Un’indagine della Guardia di Finanza di Bergamo ha portato alla luce un presunto sistema finalizzato a sottrarre beni ai creditori di una società successivamente fallita, attraverso una serie di operazioni societarie che avrebbero coinvolto anche gli Emirati Arabi Uniti. L’attività investigativa, coordinata dalla Procura della Repubblica di Bergamo, si è conclusa con il sequestro preventivo di beni per un valore complessivo superiore a 430 mila euro.
Nel dettaglio, i militari del Nucleo di Polizia Economico-Finanziaria hanno eseguito il sequestro di marchi industriali stimati in circa 200 mila euro e di oltre 230 mila euro riconducibili a una presunta evasione fiscale, somme considerate dagli inquirenti il risultato di operazioni ritenute irregolari.
L’inchiesta ha preso avvio dalla segnalazione presentata dal rappresentante legale di una società creditrice dell’impresa posta in liquidazione. Da quel momento gli investigatori hanno avviato una serie di approfondimenti che avrebbero consentito di ricostruire movimenti patrimoniali effettuati prima della dichiarazione di fallimento.
Secondo quanto emerso dagli accertamenti, alcuni marchi aziendali sarebbero stati ceduti a valori considerati notevolmente inferiori rispetto a quelli di mercato. I beni sarebbero stati trasferiti a una società formalmente amministrata da soggetti terzi ma che, secondo l’ipotesi investigativa, sarebbe stata in realtà riconducibile allo stesso liquidatore della società fallita.
Gli approfondimenti della Guardia di Finanza avrebbero inoltre evidenziato ulteriori operazioni ritenute funzionali alla sottrazione di risorse destinate ai creditori. Tra queste figura una presunta distrazione di circa 240 mila euro ottenuta attraverso la svalutazione e la successiva vendita di partecipazioni detenute in una società con sede negli Emirati Arabi Uniti.

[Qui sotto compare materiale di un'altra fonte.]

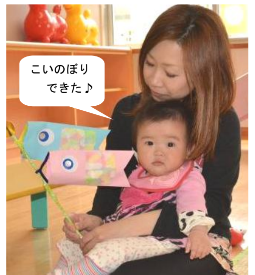
こいのぼり できた♪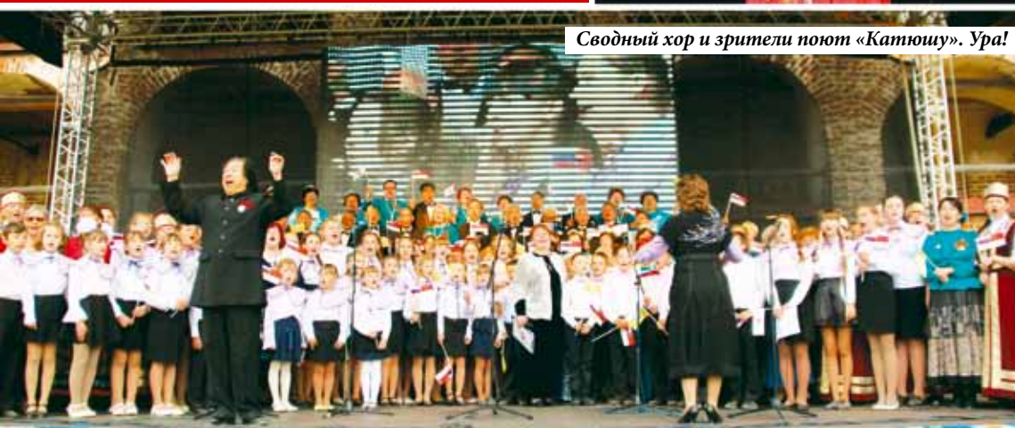
Сводный хор и зрители поют «Катюшу». Ура!

Вот она живая связь поколений! Фестиваль объединил хоры общественные, хоры самодельные! Наряду с ветеранами на сцене выступают дети! Это и есть передача культуры – от поколения к поколению, от дедов – к отцам, и от отцов – к детям.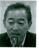
宮川米山奨学会委員長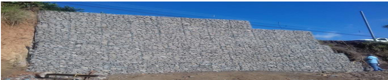
• CALLE LA LIBERTAD 2-04-065, PROYECTO: ASFALTADO DE CUESTAS Total Proyecto: Q27.439.399,13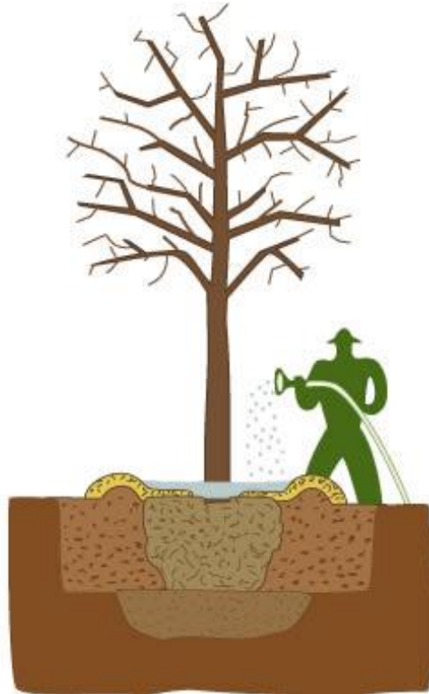
ARROSAGE PAR LA CUVETTE

D'abord on arrose 🌿 et ensuite on se repose! ☀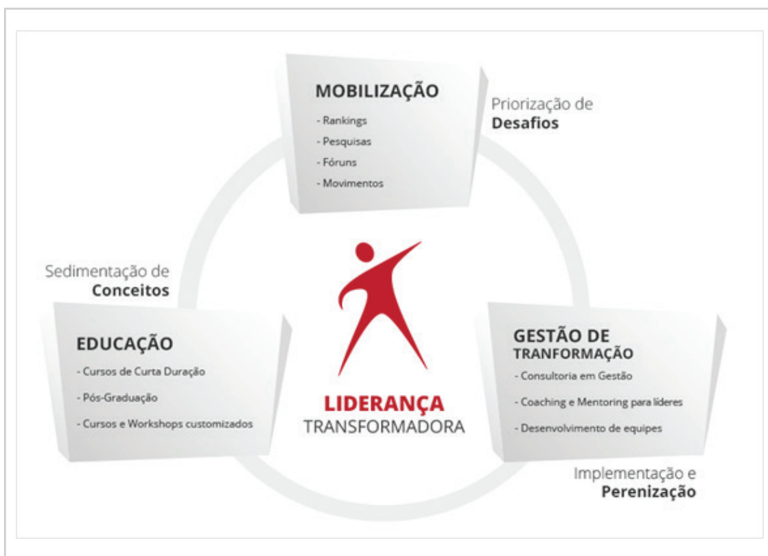
Figura 1 – Áreas e Modelo de Atuação do CLP

Liderança ética e eficaz é o ponto de partida para as mudanças transformadoras na gestão pública e no fortalecimento das instituições democráticas. Consideramos mudanças transformadoras aquelas que exigem mudanças de crenças, de atitudes e de costumes arcaicos. O verdadeiro desafio de liderança é promover mudanças de comportamento e de cultura.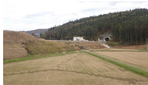
岩清水トンネル(酒田側)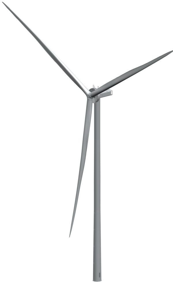
Abb. 1: Produktübersicht

Die Windenergieanlage erzeugt elektrische Energie aus Wind. Der anströmende Wind bewirkt, dass der Rotor sich im Uhrzeigersinn dreht. Die Drehbewegung wird in elektrische Energie umgewandelt. Die Windenergieanlage arbeitet automatisch.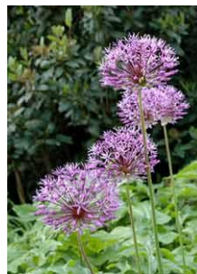
Sierui of Allium aflatuense

Een prettige overwintering en tot seizoen 2010.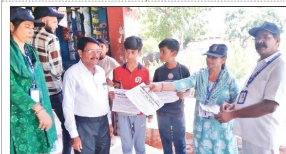
जनसंपर्क करती जिला विधिक सेवा प्राधिकरण की टीम।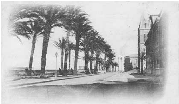
El carrer Barris a La Calle, detall que ens ajuda a valorar el pes de l'empresa gironina.

No era pas, és clar, una formulació independentista, sinó més aviat autonomista; una proposta que bevia dels corrents anticentralistes del federalisme i que advocava per la defensa de la cultura i la llengua catalanes, però que no qüestionava la integració de Catalunya en el conjunt del projecte espanyol. L'Estat espanyol, però, havia posat al descobert la seva incapacitat de defensar els seus interessos, o si més no, els dels fabricants; ja des de la constitució de les primeres Corts de la Restauració els diversos governs no havien estat a l'altura de les seves demandes.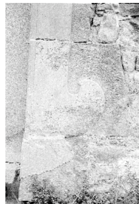
Decoració del muntant de la porta d'ingrés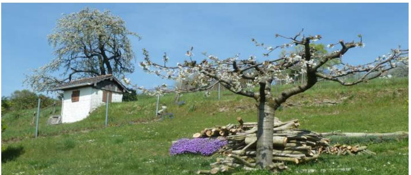
Abb. 8.1: Eine Weinberghütte an der Badischen Bergstraße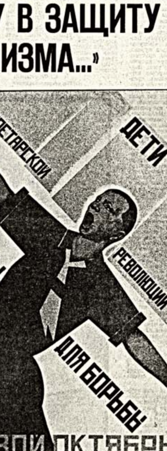
Плакат художника В. Шестянова.

На этой газетной странице представлена необычная читательская почта. Необычная по сегодняшним временам, отмеченным буйством демократических проявлений, созданием новых партий, митингами и забастовками, спорам о рынке, о совместных предприятиях, разговорах о товарах, продуктах и вообще — о том, как нам выжить, пережить кризис.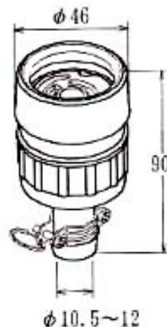
EA940BT-2 2P 15A 引掛防水コネクターボデー 15A. 125V.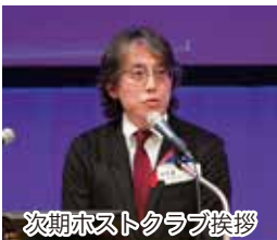
次期ホストクラブ挨拶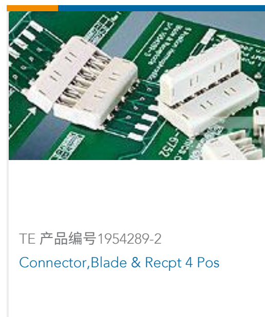
TE 产品编号1954289-2 Connector,Blade & Recpt 4 Pos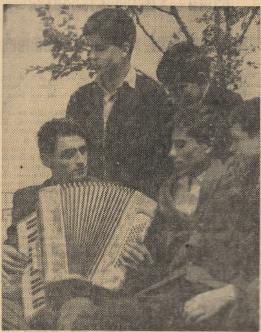
În orele libere, cu cîntecul, prietenul nostru comun (un grup de elevi ai Școlii profesionale de ucenici de pe lângă Fabrica de rulumenți din Birlăd)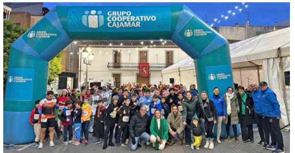
Carrera San Silvestre en Benaguasil.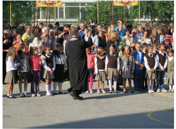
MOMENTO DE LA CEREMONIA DE APERTURA DEL CURSO ESCOLAR CON LOS ALUMNOS DE PRIMER AÑO

La apertura de curso es un día de gran importancia para profesores, alumnos y padres, que toman parte activa en la ceremonia, y en la que destacan las flores, la música y los bailes.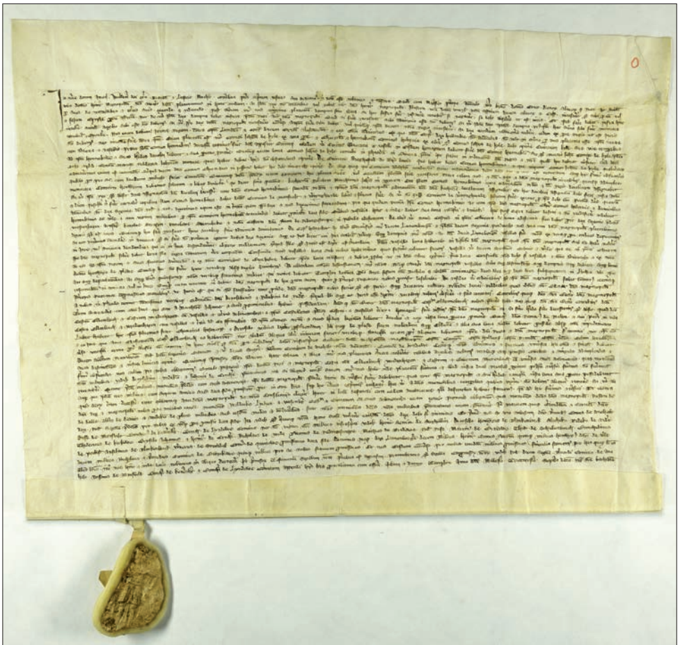
Urkundekopie – Landeshauptarchiv Schwerin

Nach anfänglichen friedlichen Beziehungen kam es zu erneuten Streitigkeiten.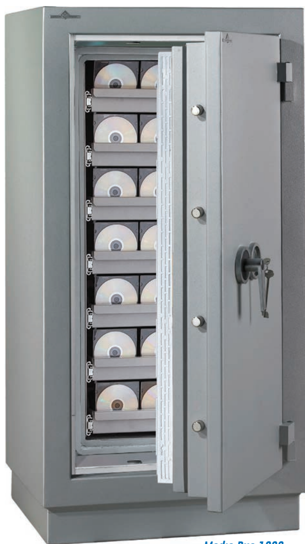
Media Duo 1280.

Valeur assurable : 25 000 €Classe 1 ou 35000 €Classe 2.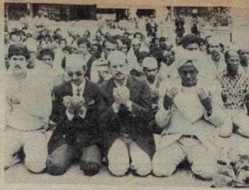
IDD: MAELFU ya Waislamu watajumuika katika Msikiti mbali kwa swala wa Idd. Pichani wanaonekana Waislamu katika Msikiti...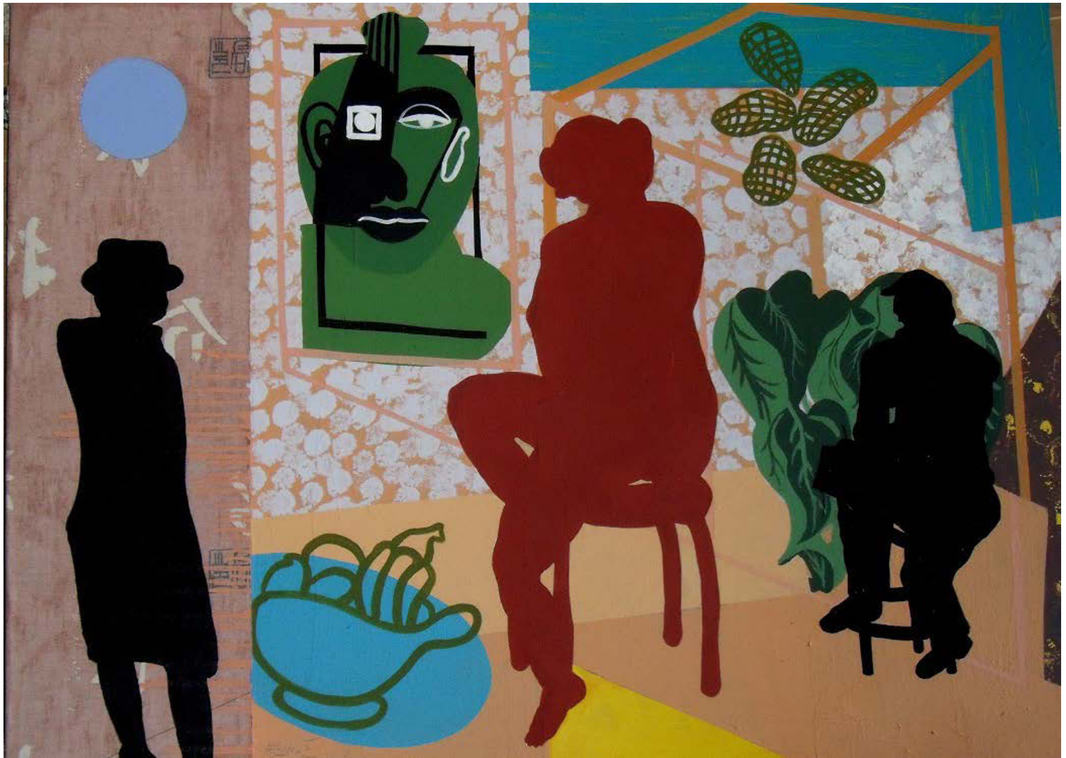
El estudio. 96 x 128 cm. Acrílico/tabla. 2015.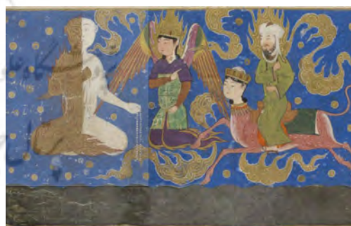
تصویر ۱۰. حضرت محمد (ص) فرشته نیمی از آتش و نیمی از برف را ملاقات می‌کند.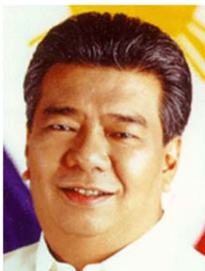
ประธานวุฒิสภาชั่วคราว นายแฟรงคลิน ดริลลอน (Mr. Franklin Drillon)

- ประธานวุฒิสภาลาออก ถูกถอดถอน ตาย หรือไม่สามารถปฏิบัติหน้าที่ได้อย่างถาวร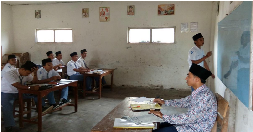
Foto kegiatan belajar mengajar di MA Miftahul Qulub Polagan Galis Pamekasan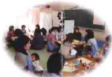
先輩ママスタッフを中心に した子育て座談会・講座

Dubai rappresenta uno degli elementi centrali dell’inchiesta, poiché proprio negli Emirati gli investigatori avrebbero individuato attività volte a mantenere il controllo effettivo degli asset nonostante il loro trasferimento formale ad altri soggetti. Tale circostanza ha portato alla contestazione del reato di autoriciclaggio, ipotizzando un utilizzo delle operazioni societarie per occultare la reale disponibilità dei beni.
Le verifiche si sono poi concentrate su una più ampia operazione internazionale relativa alla cessione di partecipazioni societarie per un valore complessivo di 630 mila euro. Sebbene la vendita risultasse effettuata da una società estera, gli investigatori ritengono che i proventi dell’operazione siano stati accreditati direttamente su un conto personale riconducibile all’indagato presso un istituto bancario di Dubai.
Sul fronte fiscale, l’attività ispettiva ha consentito di ricostruire una plusvalenza imponibile superiore a 550 mila euro che, secondo l’accusa, non sarebbe stata dichiarata all’amministrazione finanziaria. Da questa operazione deriverebbe un’imposta evasa di oltre 230 mila euro, elemento che ha portato alla contestazione dell’ipotesi di dichiarazione infedele.
L’inchiesta si inserisce nell’ambito delle attività di contrasto ai reati economico-finanziari e alle condotte che possono compromettere i diritti dei creditori nelle procedure concorsuali. Gli accertamenti proseguono per verificare tutti gli aspetti delle operazioni individuate e per definire eventuali ulteriori responsabilità.